GA 2015-1 Grundlegendes Anforderungsniveau

Grundlegendes Anforderungsniveau Deutsch. Abiturprüfung 2015
Aufgabe I – Textinterpretation
Aufgabenstellung
1. Interpretieren Sie den Auszug aus Friedrich Hebbels bürgerlichem Trauerspiel
Maria Magdalena.
2. Vergleichen Sie – ausgehend von Ihren Interpretationsergebnissen – den Auszug
aus Hebbels bürgerlichem Trauerspiel mit Goethes Faust. Der Tragödie erster
Teil im Hinblick auf die äußere Situation und innere Befindlichkeit der Figuren
Klara und Margarete.
Material
Friedrich Hebbel: Maria Magdalena. Ein bürgerliches Trauerspiel in drei
Akten (1844); Auszug aus dem III. Akt, 8. Szene
Klara, die Tochter des Tischlermeisters Anton, erwartet ein uneheliches Kind von
ihrem Verlobten Leonhard, was sie aber ihrem Vater verheimlicht.
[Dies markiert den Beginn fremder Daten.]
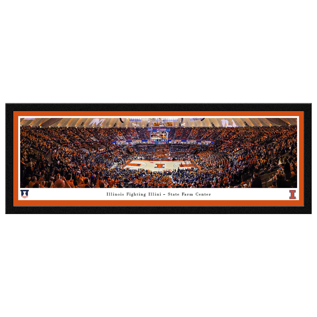This panoramic photo captures the action in front of a sold-out crowd at State Farm Center as the #10 ranked Fighting Illini hosted Big 10 rival, the Indiana Hoosiers. This century-old rivalry began in 1906 and has given fans many memorable games including this one, where fans saw the Illini surge ahead in the final minute to claim a 70-62 victory over the Hoosiers.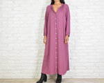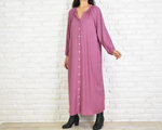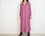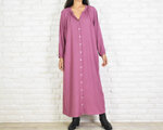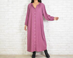 シンプルなスキッパー長袖ワンピース <ピンクパープル>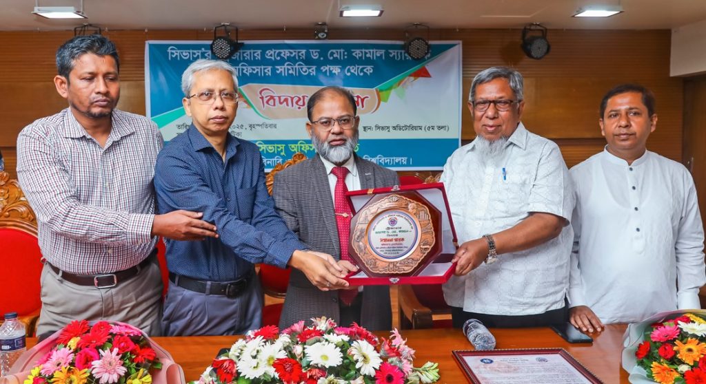 শেষে উপাচার্য প্রফেসর ড. মোহাম্মদ লুৎফুর রহমান অফিসার সমিতির পক্ষ থেকে বিদায়ি ট্রেজারার প্রফেসর ড. মো: কামাল-কে ক্রেস্ট ও উপহার প্রদান করেন। অনুষ্ঠানে মানপত্র পাঠ ও হস্তান্তর করেন প্রধান প্রকৌশলী অচিন্ত কুমার চক্রবর্ত্তী।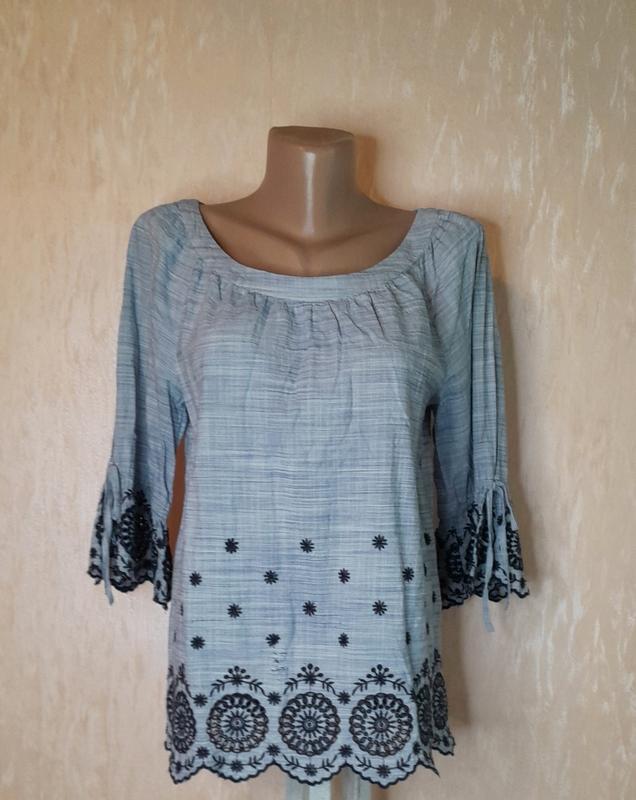 Отличная коттоновая блуза с элементами вышивки, ткань приятная на ощупь, почти невесомая, комфортная, идеально дополняет джинсовые вещи, размер 44-48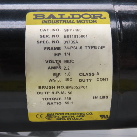 Baldor GPP7460 50:1 Ratio Parallel 90VDC Gear Motor 1/4HP 50RPM 3/4"Shaft Tested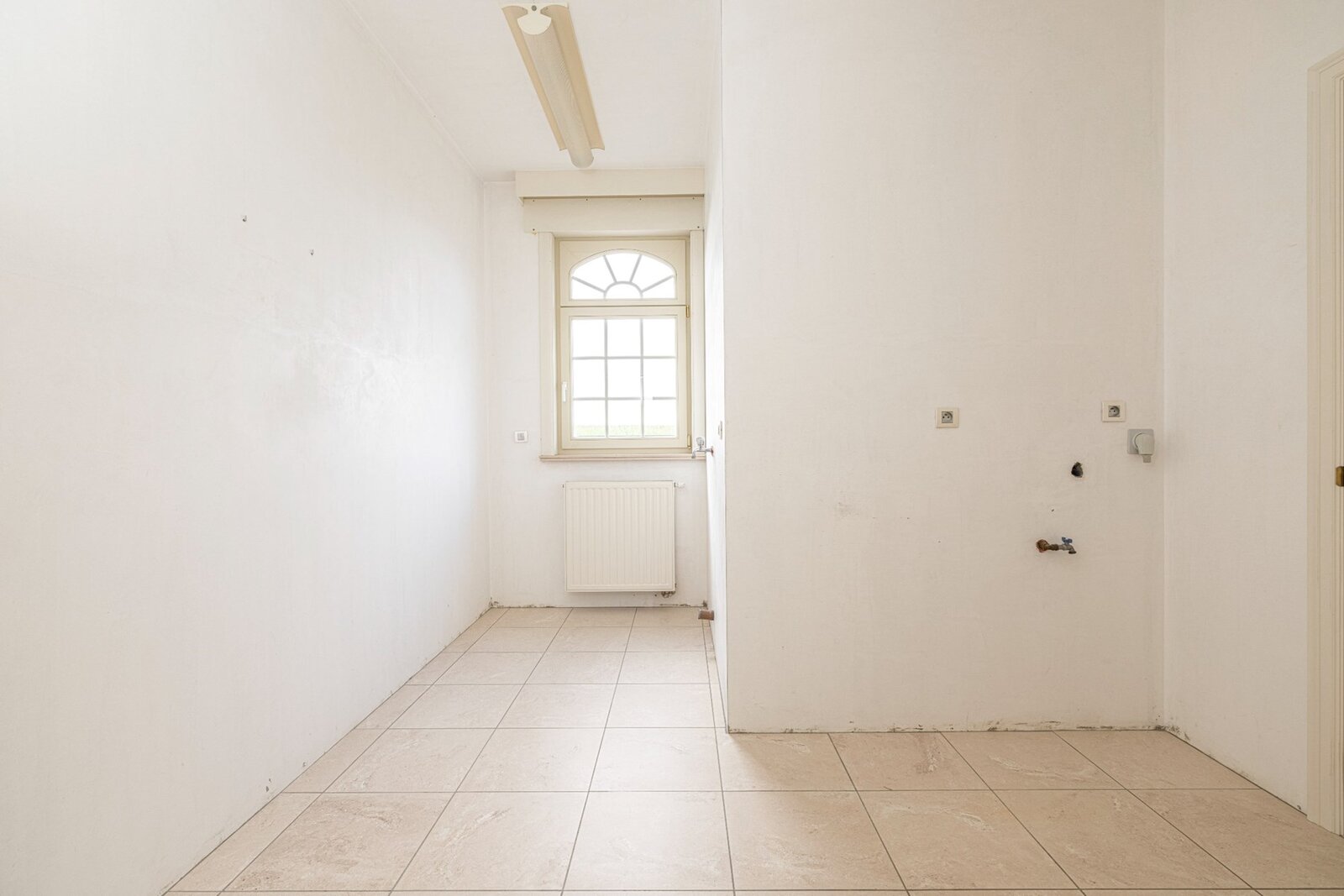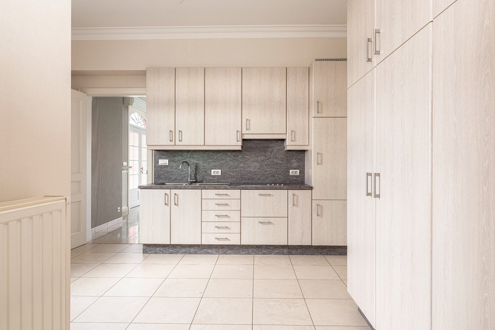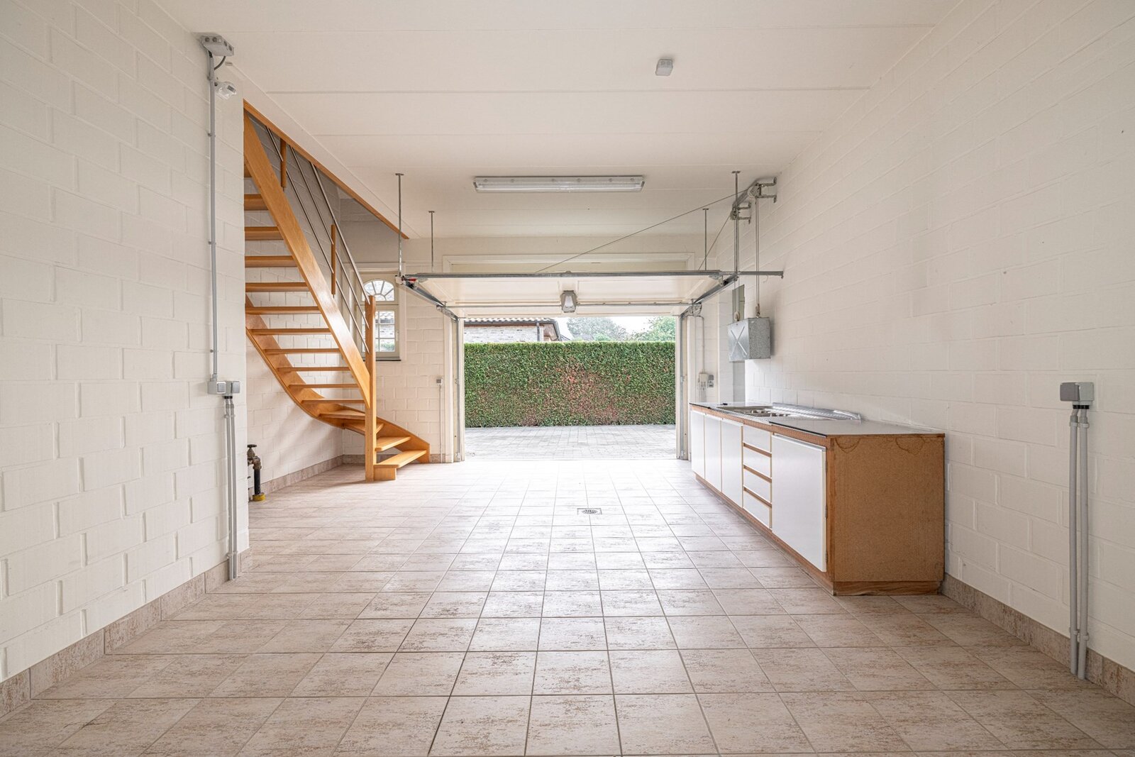Achterliggend is er de landelijke-stijlvolle ongebruikte en compleet uitgeruste keuken met eetzone en zicht op de tuin. De lichtrijke erker maakt deze ruimte compleet. Aansluitend is er de toegang tot de bijkeuken/bergruimte/wasplaats met mogelijkheid tot doucheruimte / technische berging en de dubbele inpandige garage met veel bergruimte en vlotte toegang tot de tuin. In de garage is er een trap die ons naar de linker stockage zolder brengt.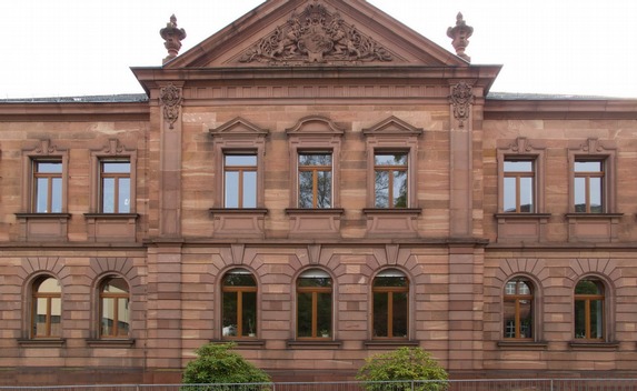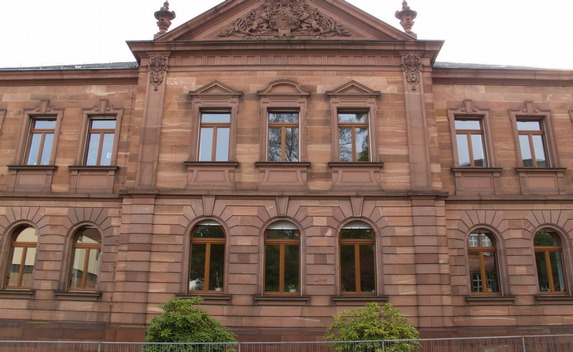 In unserem Beispielfoto sind die stürzenden Linien recht deutlich zu erkennen, die aus der Weitwinkeleinstellung und dem niedrigen Standpunkt der Kamera her rühren. Die im Weitwinkel meist auftretende Tonnenverzeichnung des Objektivs ist hier ebenfalls deutlich vor allem am Sockel und an der Dachrinne des Gebäudes zu erkennen.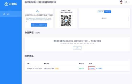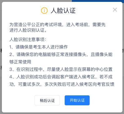 a. 考试开始时,考生需要点击“人脸识别认证”按钮进入,需要允许获取摄像头权限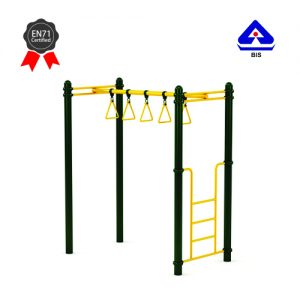 The product is manufactured in India. We used galvanized pipes & further powder coated to make a swing structure in the shape . It is attached with 2nos of rubberised swing seat with PVC coated chain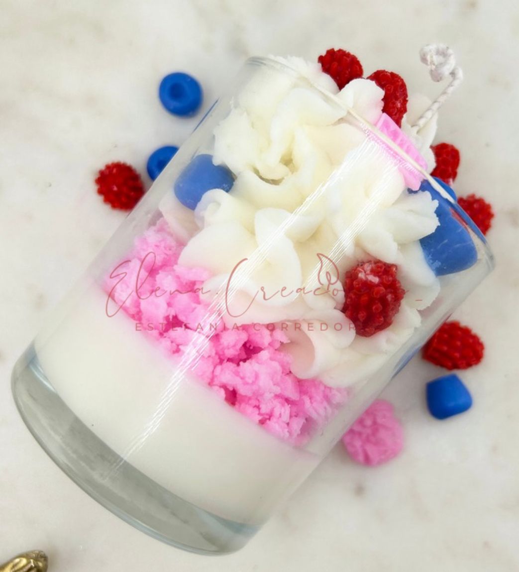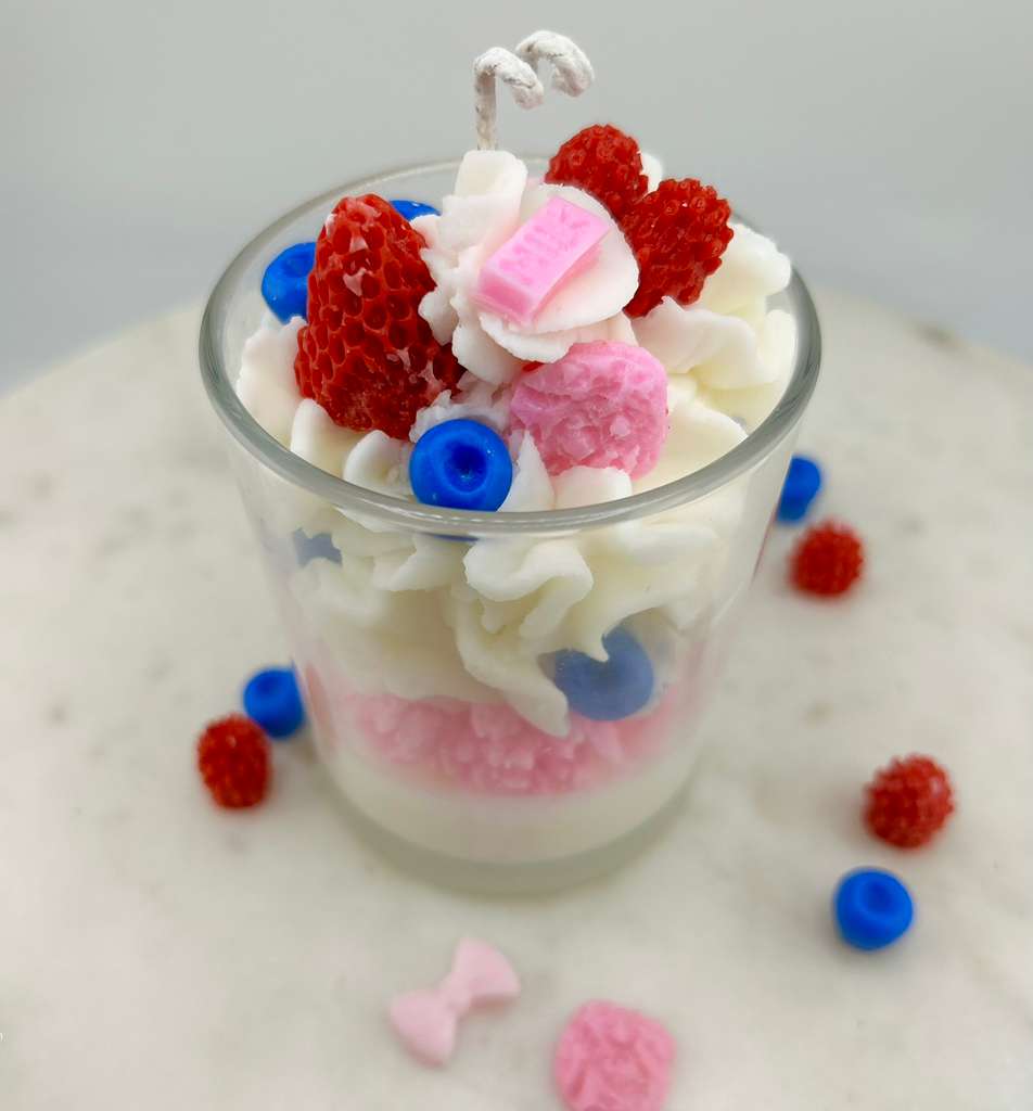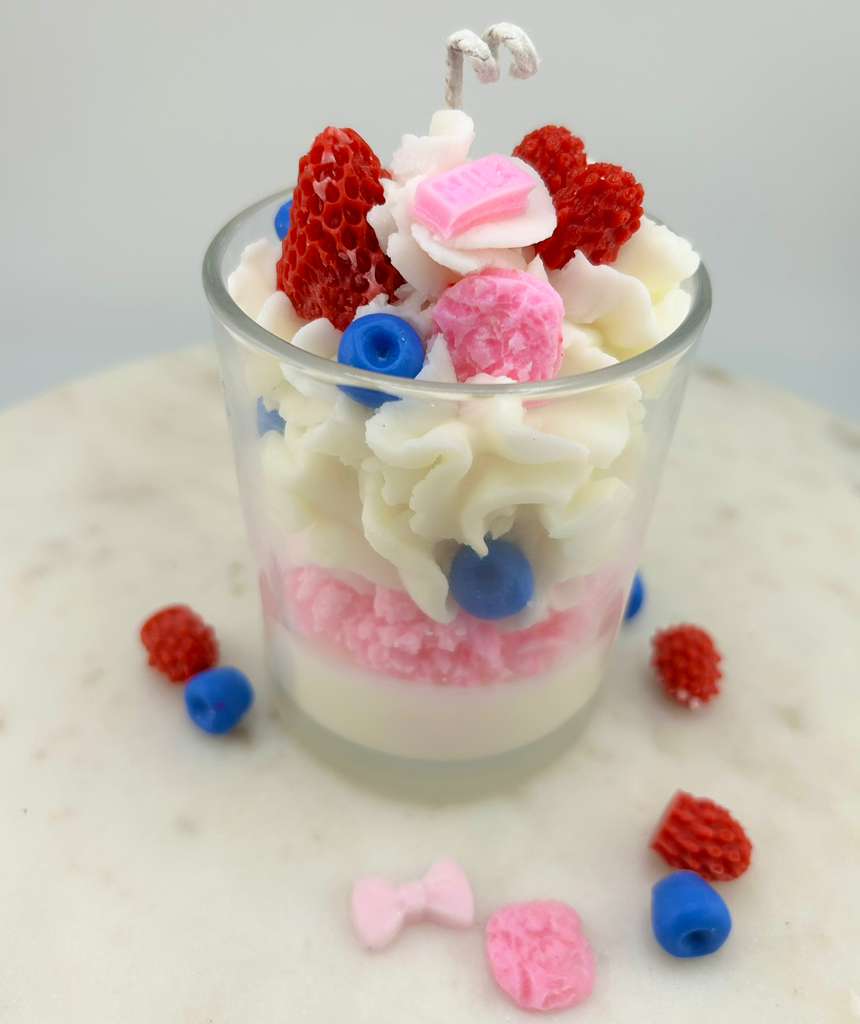 Handcrafted candle made with coconut wax, featuring a sweet, creamy aroma inspired by berries and candy treats. Playful and cozy, perfect for adding a fun and cheerful touch to any space.
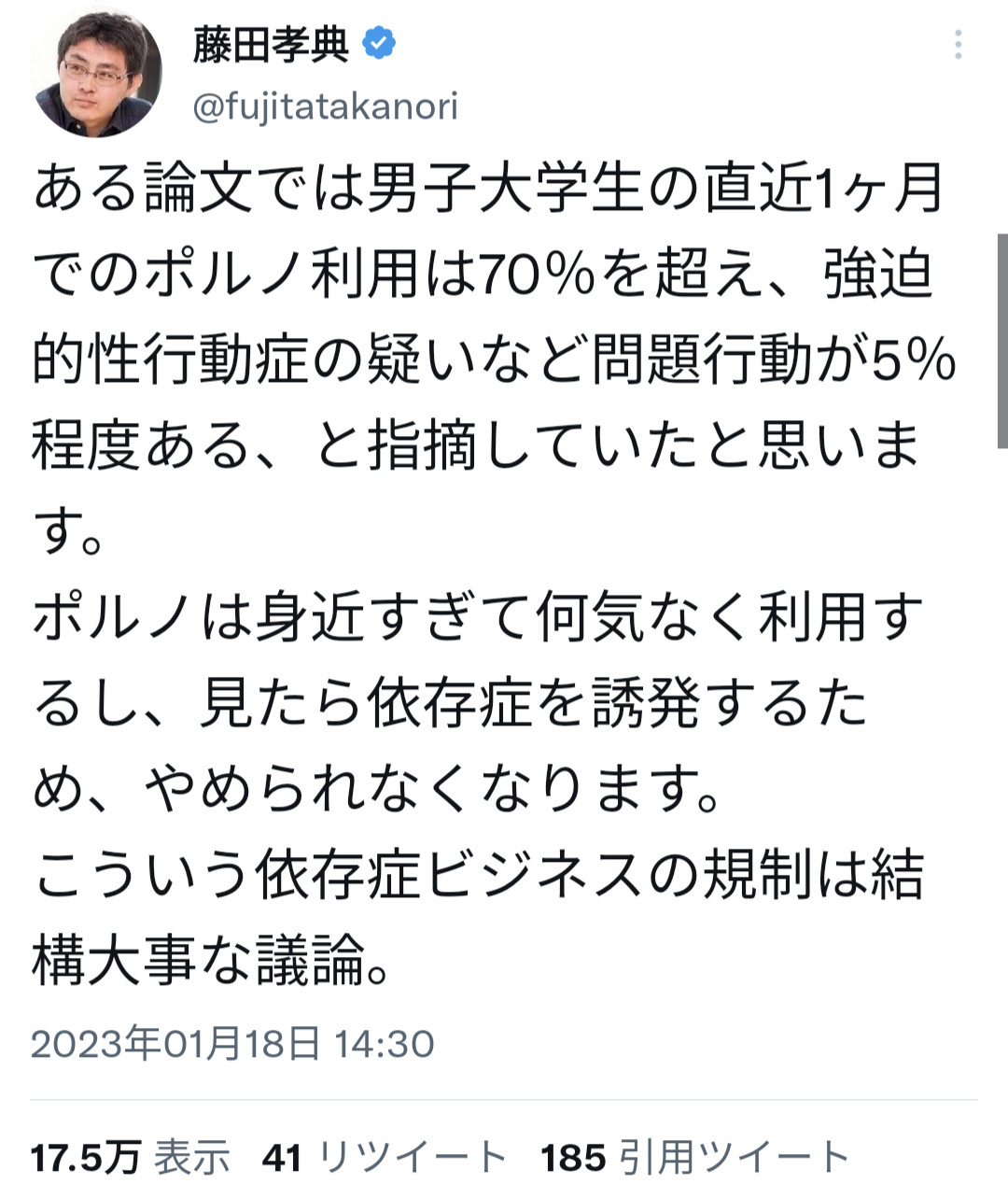 ポルノ規制は無理やけど違法ダウンロード取締りを厳しくしたら同じくらい効果があると思う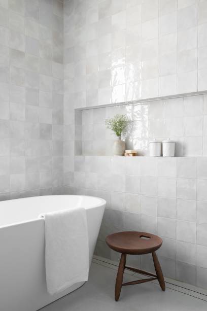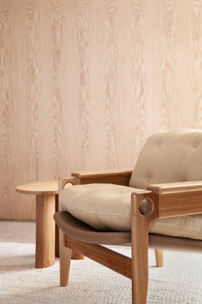 As profissionais do escritório Très Arquitetura apostaram em um revestimento de porcelanato de formato orgânico para criar unidade visual entre os ambientes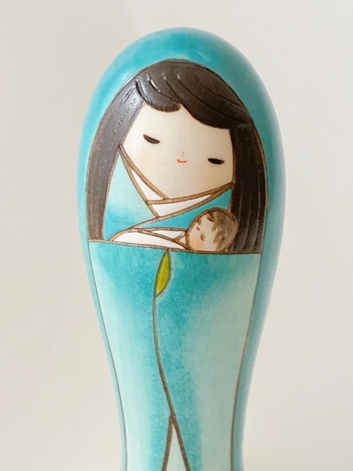 La kokeshi Vierge Marie est une poupée traditionnelle japonaise en bois de cornouiller (bois de mizuki).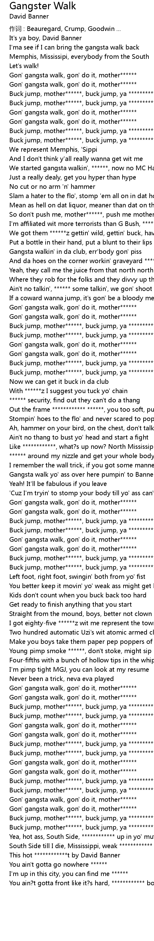 | Gon' gangsta walk, gon' do it, mother****** | |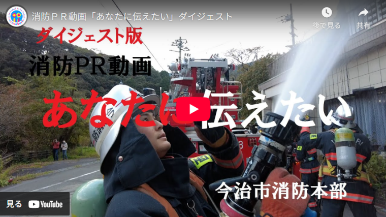 地元住民へ動画を制作することで、街の魅力を再発見してもらうことが可能です。今治市消防署が制作した動画では、今治消防署の役割が伝わるよう仕事内容をテンポよく紹介しています。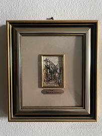 Realizzati con tecnica mista su metallo inciso e smaltato, montati in eleganti cornici classiche dorate/argentate con passepartout in tessuto. Ideali per arredamento vintage, collezionisti o amanti del Friuli.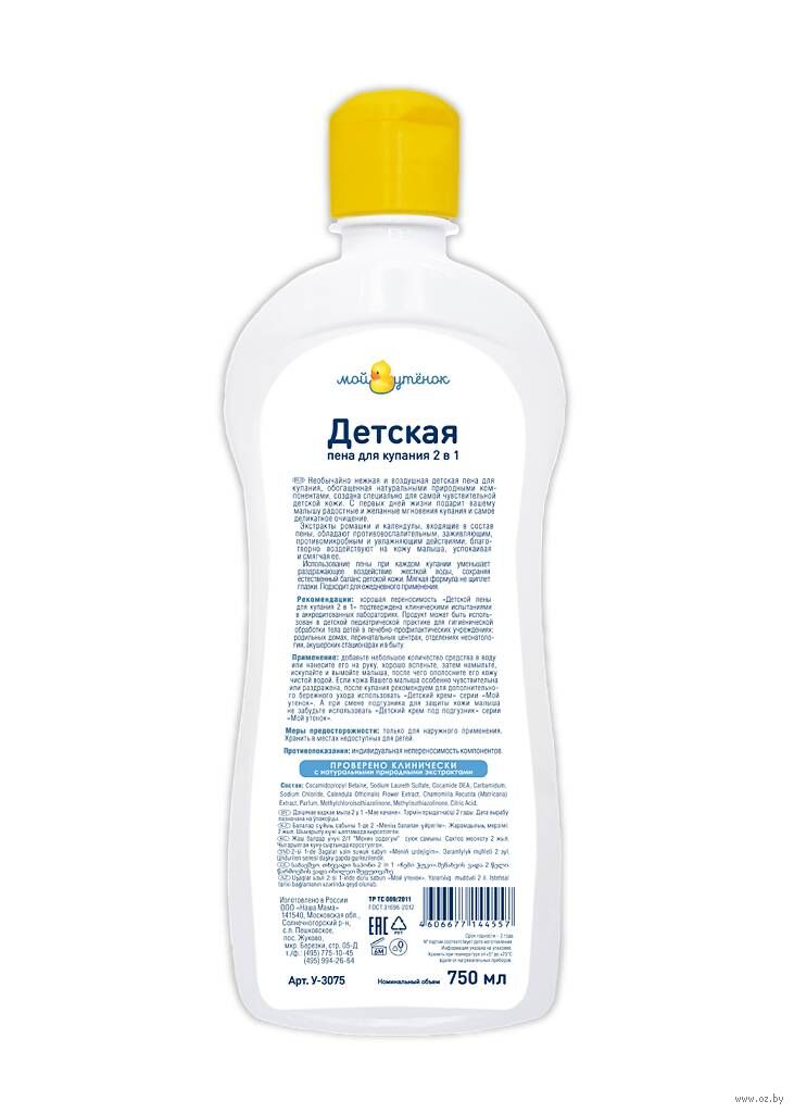 Пенка для купания детская "Мой утёнок. 2 в 1" (750 мл)

Dieser hat geschworen, sich umzubringen, wenn seine Tochter ihm ebenfalls Schande bereite, ist
doch sein Sohn Karl – wie sich später herausstellt zu Unrecht – eines Diebstahls verdächtigt und festgenommen worden, woraufhin die Mutter einen tödlichen Schlaganfall erleidet und Leonhard sich von Klara lossagt, um eine gesellschaftlich angesehenere und lukrativere Ehe einzugehen. Klaras verzweifelte Versuche, ihr Kind durch
eine Ehe mit dem ungeliebten Leonhard doch noch zu legitimieren, schlagen fehl.
Der aus der Untersuchungshaft entlassene Bruder Karl eröffnet Klara, dass er die
Familie verlassen und zur See fahren werde.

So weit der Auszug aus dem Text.